Cell-cycle-dependent expression of transforming growth factor beta type I receptor correlates with differential proliferative effects of TGFbeta1 in articular chondrocytes.

We previously found that transforming growth factor beta type 1 (TGFbeta1) had bifunctional effects on articular chondrocytes in culture depending on the proliferative state of the cells. Here, TGFbeta1 responses and the expression of TGFbeta receptors I and II were investigated as a function of growth state in rabbit articular chondrocytes (RAC) and Mv1Lu cells, a cell line which is growth inhibited by TGFbeta1. In contrast to these latter cells, in which DNA synthesis was decreased by TGFbeta1 independently of the cell cycle phases, exponentially growing RAC responded with a stimulation of DNA synthesis while confluent or quiescent cells were growth inhibited. Using synchronized RAC cultures, we showed that inhibitory responses were associated with the G0/G1 phase, whereas proliferative effects were S-phase dependent. Type I receptor mRNA level was severalfold greater in quiescent and slowly proliferating than in exponentially growing cells.

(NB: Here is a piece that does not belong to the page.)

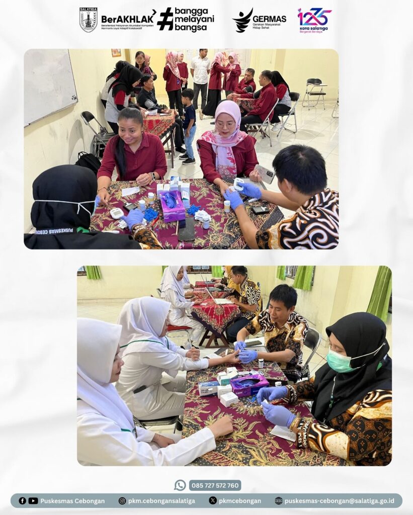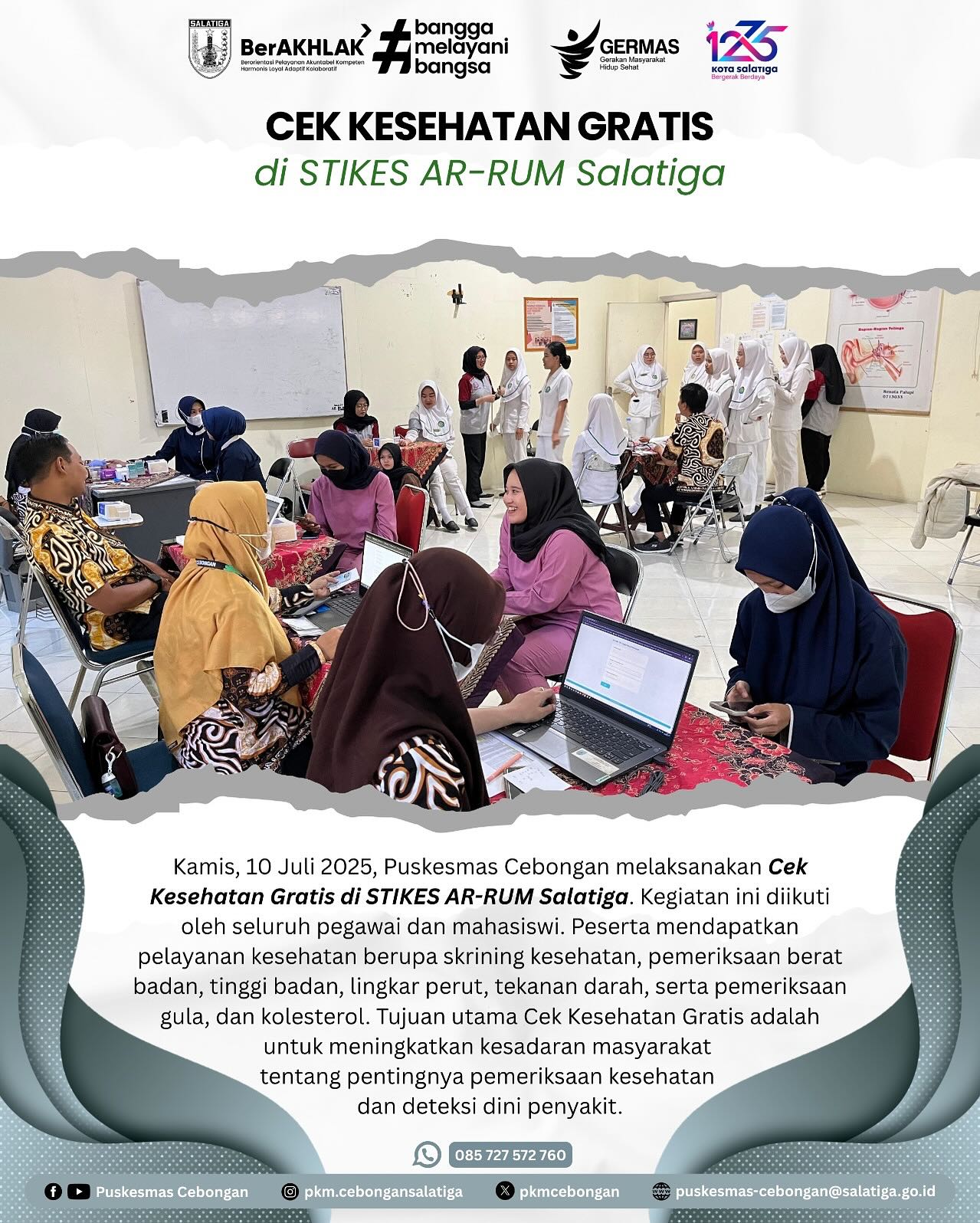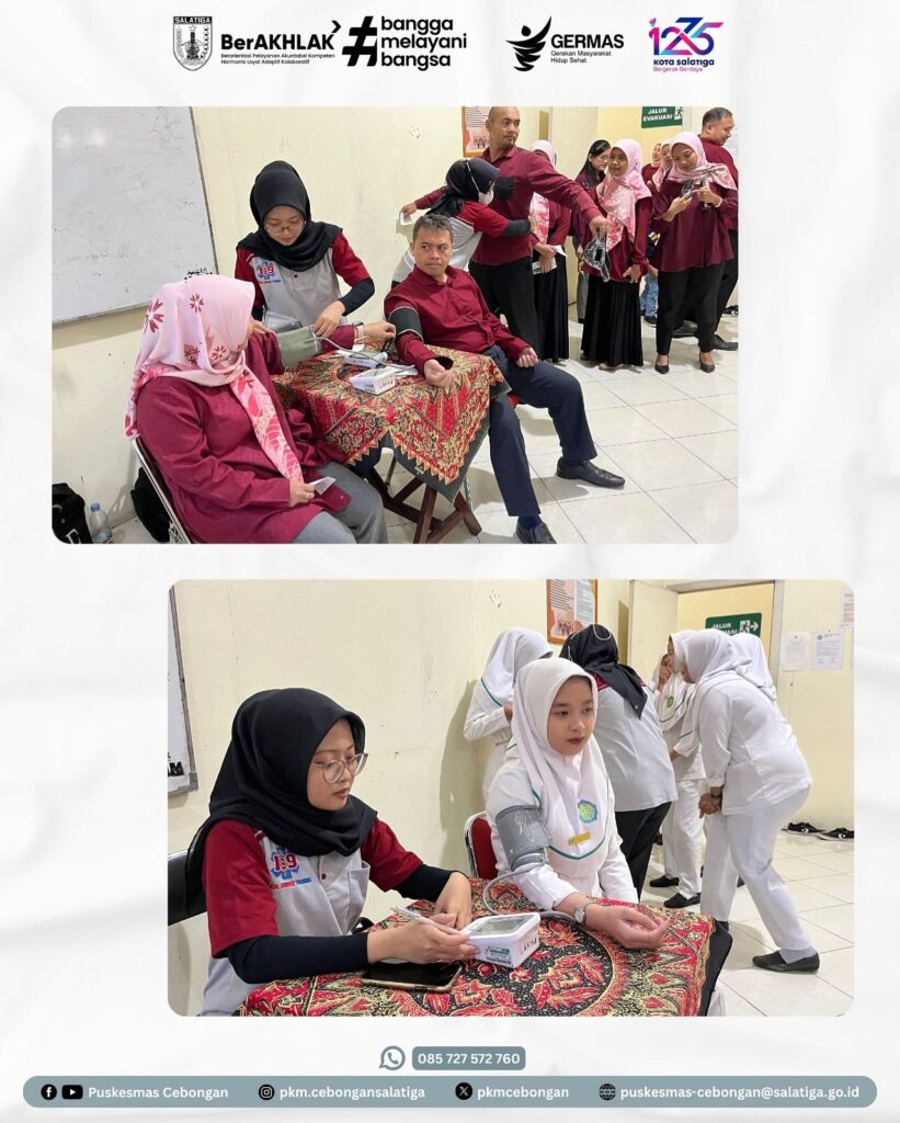 Kamis, 10 Juli 2025, Puskesmas Cebongan melaksanakan Cek Kesehatan Gratis di STIKES AR-RUM Salatiga. Kegiatan ini diikuti oleh seluruh pegawai dan mahasiswi. Peserta mendapatkan pelayanan kesehatan berupa skrining kesehatan, pemeriksaan berat badan, tinggi badan, lingkar perut, tekanan darah, serta pemeriksaan gula, dan kolesterol.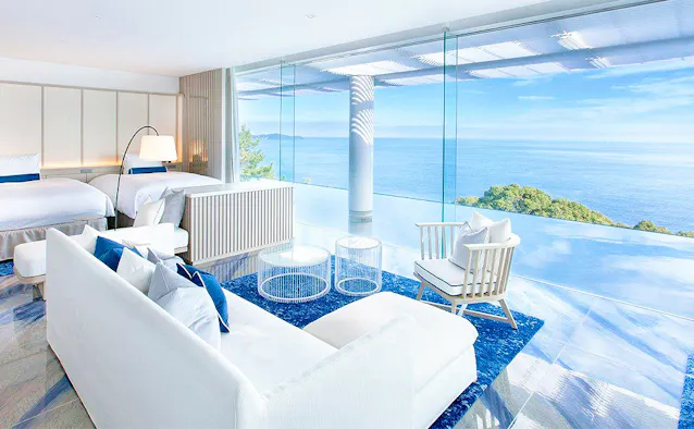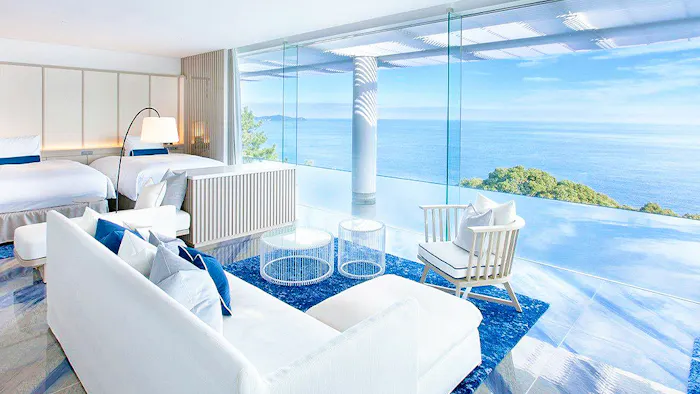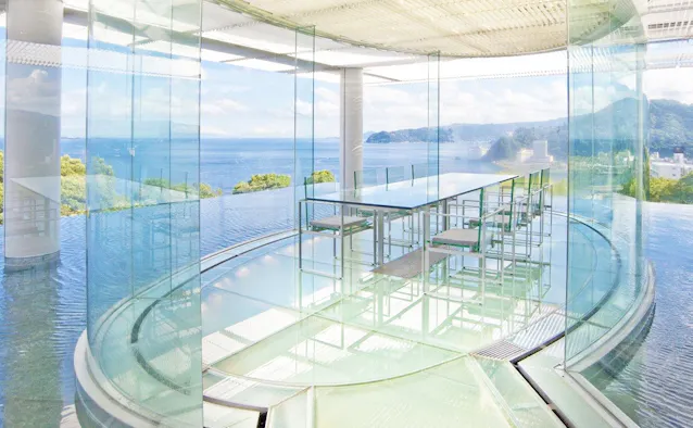 熱海駅から車で5分ほどの高台に佇む、全4室のラグジュアリーリゾート「ATAMI 海峯楼」。有名建築家・隈研吾氏が手掛けた建物は、水とガラスのアート作品を散りばめた幻想的な空間です。客室では、窓の向こうに雄大な相模湾を一望。2つのタイプがある「LUXURY SUITE」には、熱海温泉の湯を湛えた露天風呂が備わります。

In contrast, the expression of type II mRNA did not change. 125I-TGFbeta1 binding to RI in G0/G1-arrested cells was greater than in S-phase, suggesting a correlation with the growth-inhibitory effect of TGFbeta1. Transfection of an RI expression vector in exponentially growing RAC, which normally are growth stimulated by TGFbeta1, induced an inhibitory response, supporting the idea that this effect was due to increased RI expression. These results indicate that the ratio of type I to type II levels is cell cycle dependent and could lead to either negative or positive proliferative responses. In contrast, no influence on the TGFbeta1-induced stimulation of matrix gene transcriptional activity was seen, confirming that TGFbeta cell growth and matrix effects are controlled by separate pathways.